My question is, should I do the same with my new hand reared tiel? I know from the breeder that he's already stepping up, so do I still have to keep my hand in the cage for some time etc. to get him used to me? Will I gain his trust quicker than I did with Cosmo? And if I'm planning on training him (just a few basic commands like turn around and raise your wings), will I have to start the training very early on? 
I know it's a lot of questions, so I understand if you don't answer every single one! But your help is very much appreciated. Thank you


----------



## Colorguarder08 (Sep 13, 2014)

it depends on the bird Riley was ready to come out of the cage and spend time with me the day I brought her home however a majority of people have had problems with hand raised chicks reverting back to basically being untamed and having to start from the begining again. As far as training as with any animal the younger the better.


----------



## amberwydell (Oct 13, 2013)

Colorguarder08 said:


> it depends on the bird Riley was ready to come out of the cage and spend time with me the day I brought her home however a majority of people have had problems with hand raised chicks reverting back to basically being untamed and having to start from the begining again. As far as training as with any animal the younger the better.


Thank you! I think I'll start training as soon as I feel he's comfortable with me


----------



## imouto (Feb 24, 2014)

Just do what feels natural.  Although he/she may already be hand-tamed, they still need to become accustomed to you. It never hurts to take it slow!


----------



## onyx (Oct 1, 2014)

I left my tiel in his cage for a day when I first brought him home, as recommended. But he was stepping up and sitting with me at the store, and immediately once he was allowed out at home. He was hand raised. He seems like a pretty outgoing and adventurous cockatiel, though, compared to some other people's experiences... You might be able to go faster with this new bird since he's hand-tamed but just judge by what he's comfortable with.


----------



## amberwydell (Oct 13, 2013)

onyx said:


> I left my tiel in his cage for a day when I first brought him home, as recommended. But he was stepping up and sitting with me at the store, and immediately once he was allowed out at home. He was hand raised. He seems like a pretty outgoing and adventurous cockatiel, though, compared to some other people's experiences... You might be able to go faster with this new bird since he's hand-tamed but just judge by what he's comfortable with.

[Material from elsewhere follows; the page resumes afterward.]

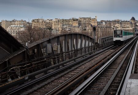Train tracks and train with buildings in the background, paris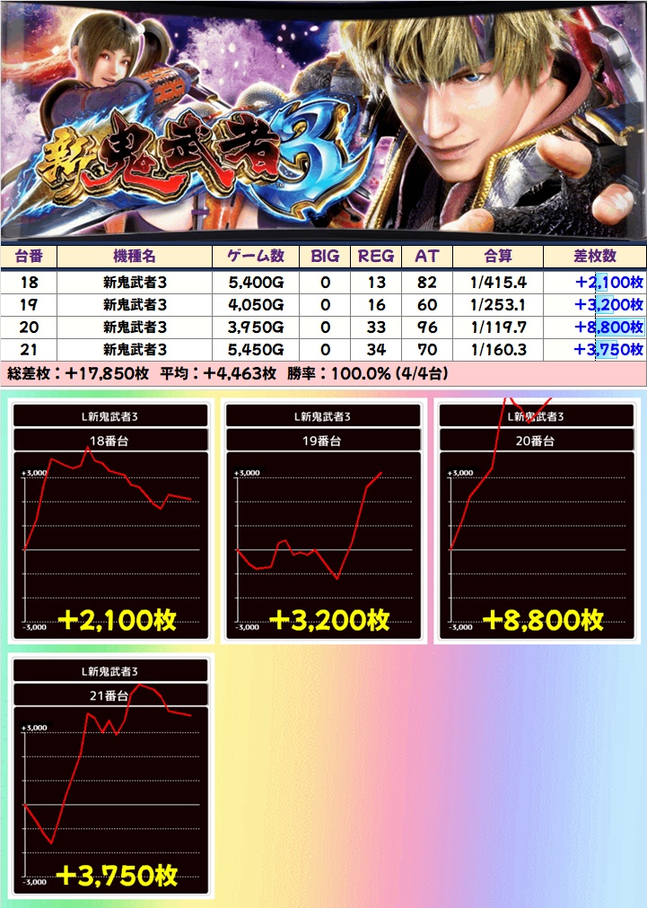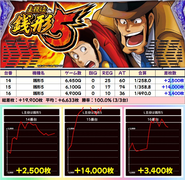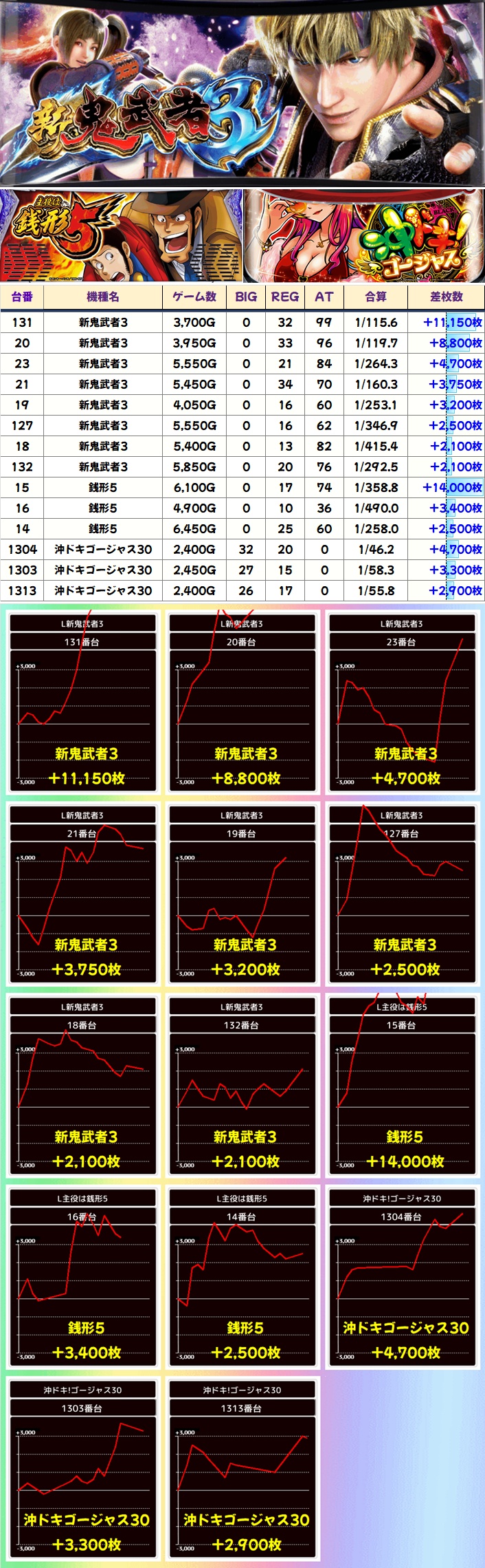 「新鬼武者3」には+11150枚、「銭形5」には14000枚と両機種から万枚を筆頭に多数の優秀台を確認!

Thanks for the advice! Well, considering Cosmo, who was parent reared, was practically hand tame within the first day, I think I'll take the risk and move a little faster with this one


----------



## corgie (Jun 24, 2013)

When I brought Quinn home I let him rest/see his cage for a few hours before letting him out with me, but I also spent 1 month or so with him at the place where we got him from so he was already bonded with me when I got him.


----------



## amberwydell (Oct 13, 2013)

corgie said:


> When I brought Quinn home I let him rest/see his cage for a few hours before letting him out with me, but I also spent 1 month or so with him at the place where we got him from so he was already bonded with me when I got him.


That's so nice that you got to spend that time with him beforehand! Unfortunately, the breeder is a 2 hour drive away from us, so weekly visits would have been unrealistic, especially with me in school and my mum working... at least we've been receiving photo updates  I'm just going to take it a step at a time, and go at _his_ pace. Thanks for your reply!


----------